New Progressive Revenues Could Begin to Right Historic Wrongs

We need to address the racial wealth gap to build a resilient economy that works for all

The burden of the COVID-19 pandemic and economic recession has fallen disproportionately on Black and brown households. These communities continue to face systemic racism that manifests itself in police brutality, mass incarceration, and economic and political disenfranchisement, all of which have only been heightened with COVID-19. One indicator of these inequities is the racial wealth gap. Nationwide, the typical white family has eight times the wealth of the typical Black family and five times the wealth of the typical Hispanic family.[1] Income inequities by race, ethnicity, and gender also continue to persist.

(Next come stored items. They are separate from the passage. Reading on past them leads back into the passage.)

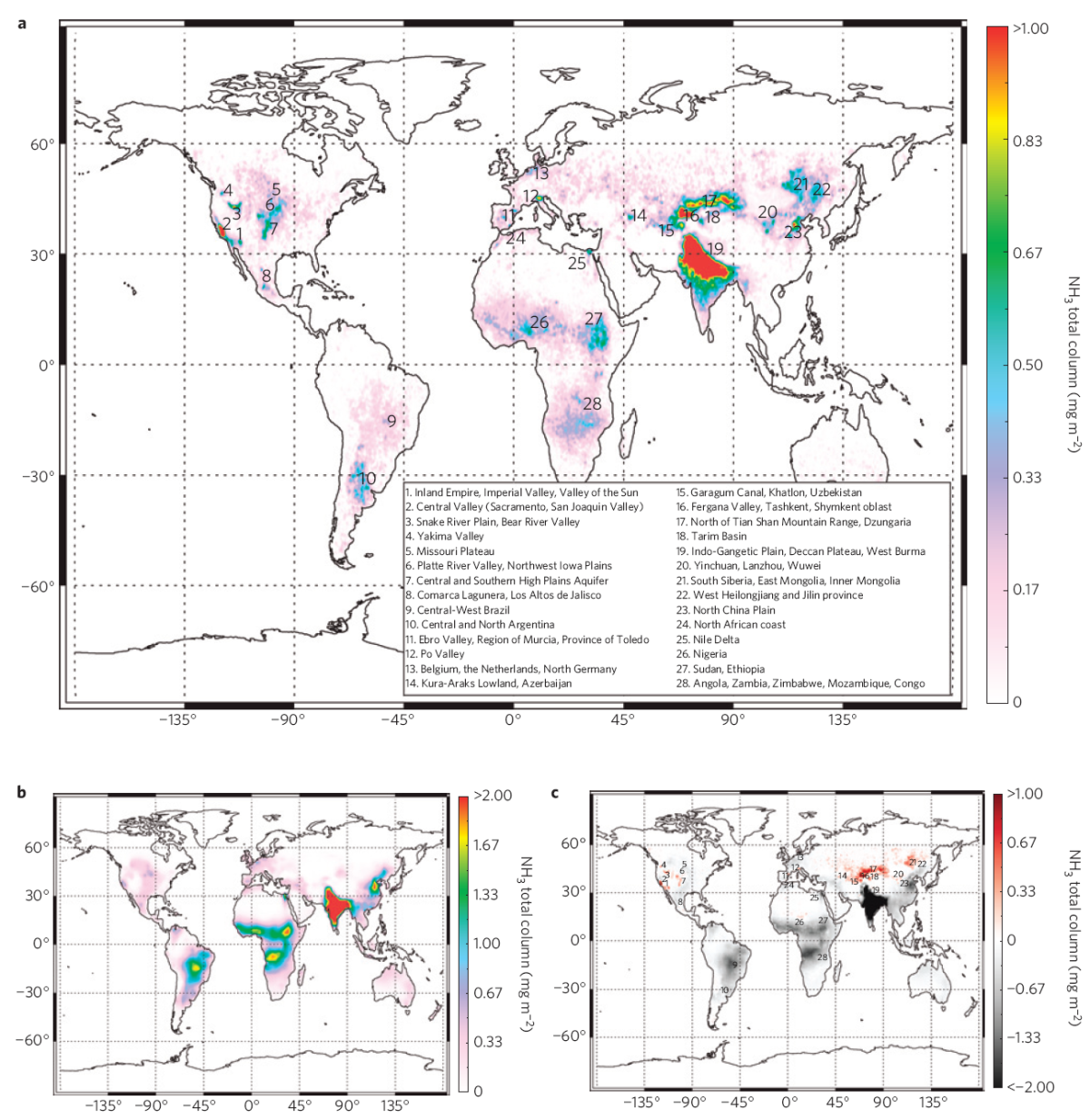 En filtrant les données sur l'ammoniac et en les cumulant pendant une année d’observation en continu (plus d’un million de mesures par jour, avec deux passages par jour en tout point du globe), ils ont obtenu des cartes de concentration et les ont comparées aux modèles atmosphériques.
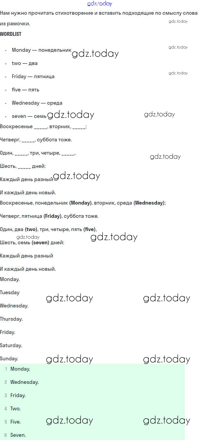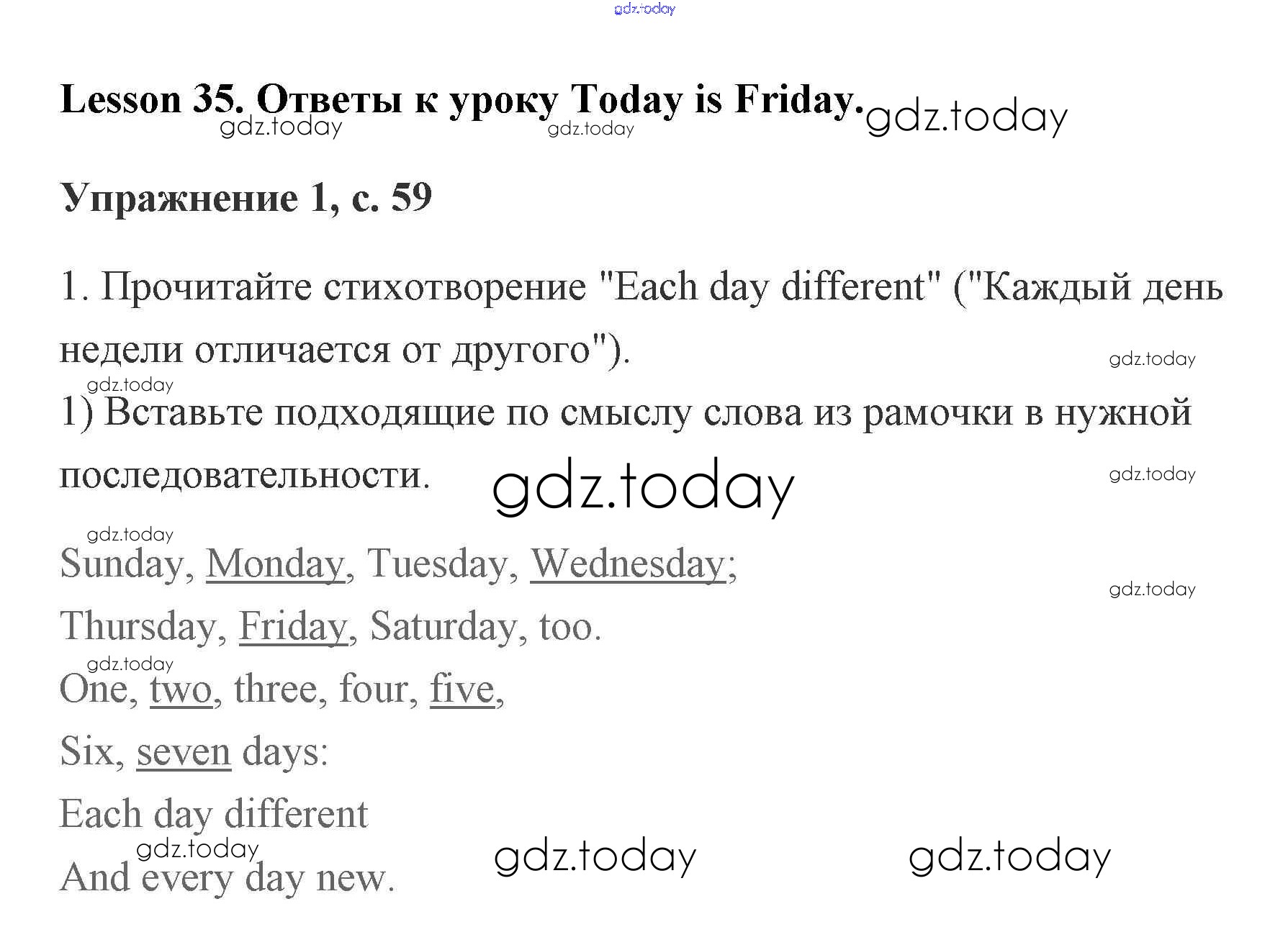 Ответы к Решение. Lesson 35. Today is Friday 59 Рабочей тетради по Английскому языку для 2 класса Кузовлев, Перегудова Просвещение 2011
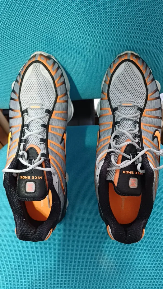 Zapatillas Nike Shox grises y naranjas

Homeownership and affordable housing are major building blocks for wealth in the United States. Black and brown communities have been kept from homeownership through a series of policies known as racially restrictive covenants and redlining. Racially restrictive covenants prevented Black and brown people from buying homes in neighborhoods, while redlining of the areas in which they were allowed to live denied mortgages for homeownership for these same Black and brown people. These neighborhoods were restricted from accessing financial capital to build their households and communities, while segregated economically and racially, by practice and by law.

Thanks to the tireless work of Black organizations such as the Seattle chapters of Congress of Racial Equity (CORE), the NAACP, the citywide Central Area Civil Rights Commission (CACRC), the Central Area Motivation Project, and other organizers across the United States, these formal policies no longer exist. While these formal policies no longer exist, their impacts continue today.[2] In 2018, Black family homeownership was about half the rate of white family homeownership.[3] This disparity is likely to continue to grow as historically Black and brown neighborhoods become gentrified and increasingly unaffordable.[4]

This presents a serious threat to our shared economic resilience. The health of our economy depends on the health of all of our communities.[5]

One solution is to capture a portion of the wealth that has been built as a result of discriminatory and racist practices embedded into our capitalist economy and redistribute this wealth to communities of Color to enable homeownership and ensure affordable housing.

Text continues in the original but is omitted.